Speaking to IBTimes UK, Mitchell said: "This is an abuse of the European arrest warrant system. It is being used for political reasons and not judicial ones.

"This arrest warrant has been widely discredited not least by American officials who described it as unresearched, politically motivated and lacking in factual accuracy.

"The indictment from 2008 was against 40 senior Rwandan officials but a Spanish high court suspended the indictment I believe in March 2014."

'He is a good man, but he should face trial'

David Himbara – who worked for Rwanda's President Paul Kagame as the head of strategy and policy and as his principal private secretary, and who now lives in London – told IBTimes UK: "This man is representing a government that is running a morgue everywhere, committing crimes, harassing Rwandans in exile, widely reported to be assassinating people."

"In my view it's a surprise that he hasn't been arrested before because he's been here [in the UK] several times," Himbara added, pointing out he was not aware of any suspension of the 2008 indictment.

"I know Karenzi very well and when I say that the law must be obeyed, I am not suggesting that he is guilty of anything. In fact he is a good man, very intelligent, but he is part of a bad government. But I can't say he is innocent as one has to be tried to be found guilty or innocent."

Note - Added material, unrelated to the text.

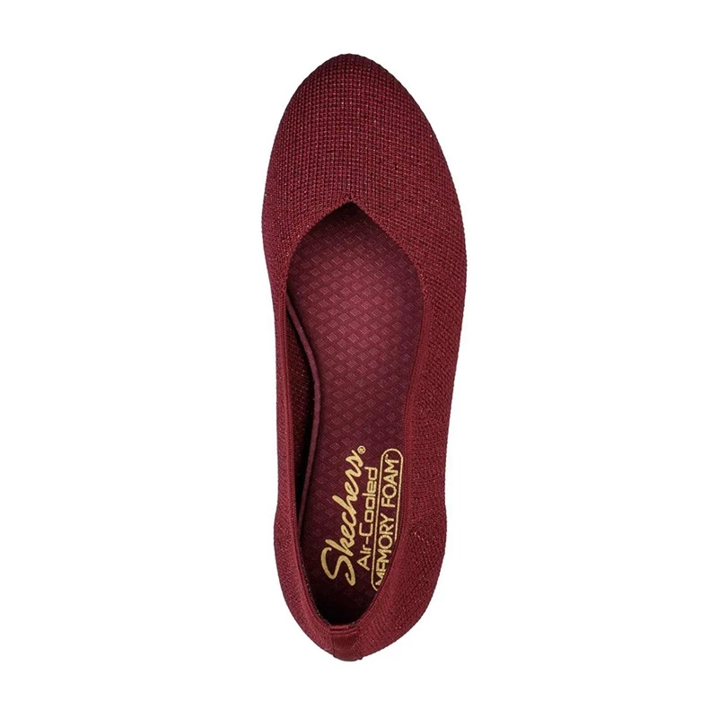 Glam up your look with standout comfort wearing Cleo; 2.0 – Shimmering. This Stretch Fit; skimmer flat features a woven upper with a sparkle knit trim and cushioned Air-Cooled Memory Foam; insole. Our Planet Matters; Good for your feet. Good for the world.;

Himbara said that as a Rwandan, he feels sympathetic with Karake. "It might sound contradictory, but I am also very sympathetic to his cause as a compatriot. I will go to court to show him solidarity even though I totally despise the regime that he represents," he added.

"While I am sympathetic to the man because he is also a victim of the system, nonetheless he has to face the law."